# What the task requires
Leave the pictures out. Retype exactly the lines below from the one containing "guitars (1986–2000, 2008–present)" through the one containing "Description:   A small head, the", and no others.

# Data shown
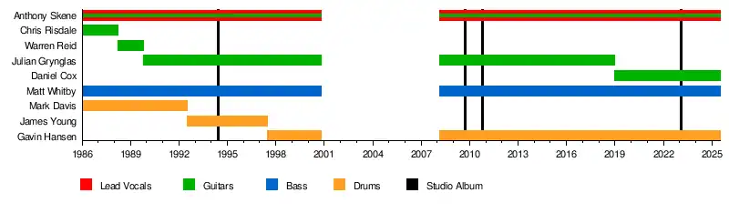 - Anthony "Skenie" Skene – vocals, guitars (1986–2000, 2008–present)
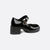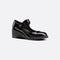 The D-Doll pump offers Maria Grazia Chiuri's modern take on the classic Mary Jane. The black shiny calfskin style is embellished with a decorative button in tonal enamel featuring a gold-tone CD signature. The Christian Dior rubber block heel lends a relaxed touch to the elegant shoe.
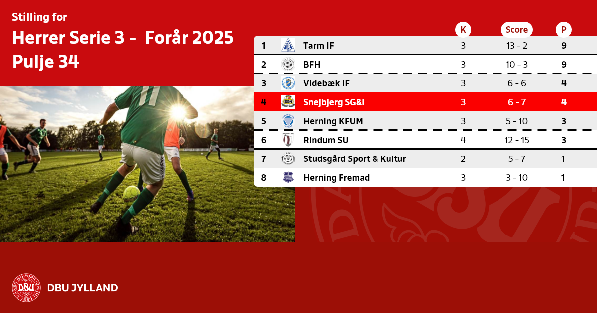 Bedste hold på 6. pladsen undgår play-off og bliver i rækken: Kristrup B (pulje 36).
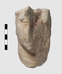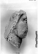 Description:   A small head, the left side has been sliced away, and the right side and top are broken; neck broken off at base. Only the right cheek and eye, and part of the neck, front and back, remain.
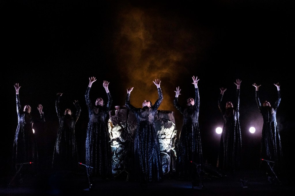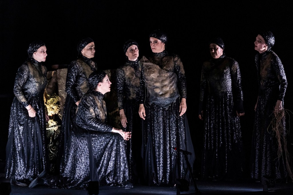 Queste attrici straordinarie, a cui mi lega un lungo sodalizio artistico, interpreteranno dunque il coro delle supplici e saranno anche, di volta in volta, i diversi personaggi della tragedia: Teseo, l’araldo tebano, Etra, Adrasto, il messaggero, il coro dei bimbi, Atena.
...
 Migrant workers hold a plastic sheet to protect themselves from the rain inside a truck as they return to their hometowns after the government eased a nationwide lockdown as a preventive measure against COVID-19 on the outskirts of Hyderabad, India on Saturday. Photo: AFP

# Task solution
 - Anthony "Skenie" Skene – vocals, guitars (1986–2000, 2008–present)
 The D-Doll pump offers Maria Grazia Chiuri's modern take on the classic Mary Jane. The black shiny calfskin style is embellished with a decorative button in tonal enamel featuring a gold-tone CD signature. The Christian Dior rubber block heel lends a relaxed touch to the elegant shoe.
 Bedste hold på 6. pladsen undgår play-off og bliver i rækken: Kristrup B (pulje 36).
 Description:   A small head, the left side has been sliced away, and the right side and top are broken; neck broken off at base. Only the right cheek and eye, and part of the neck, front and back, remain.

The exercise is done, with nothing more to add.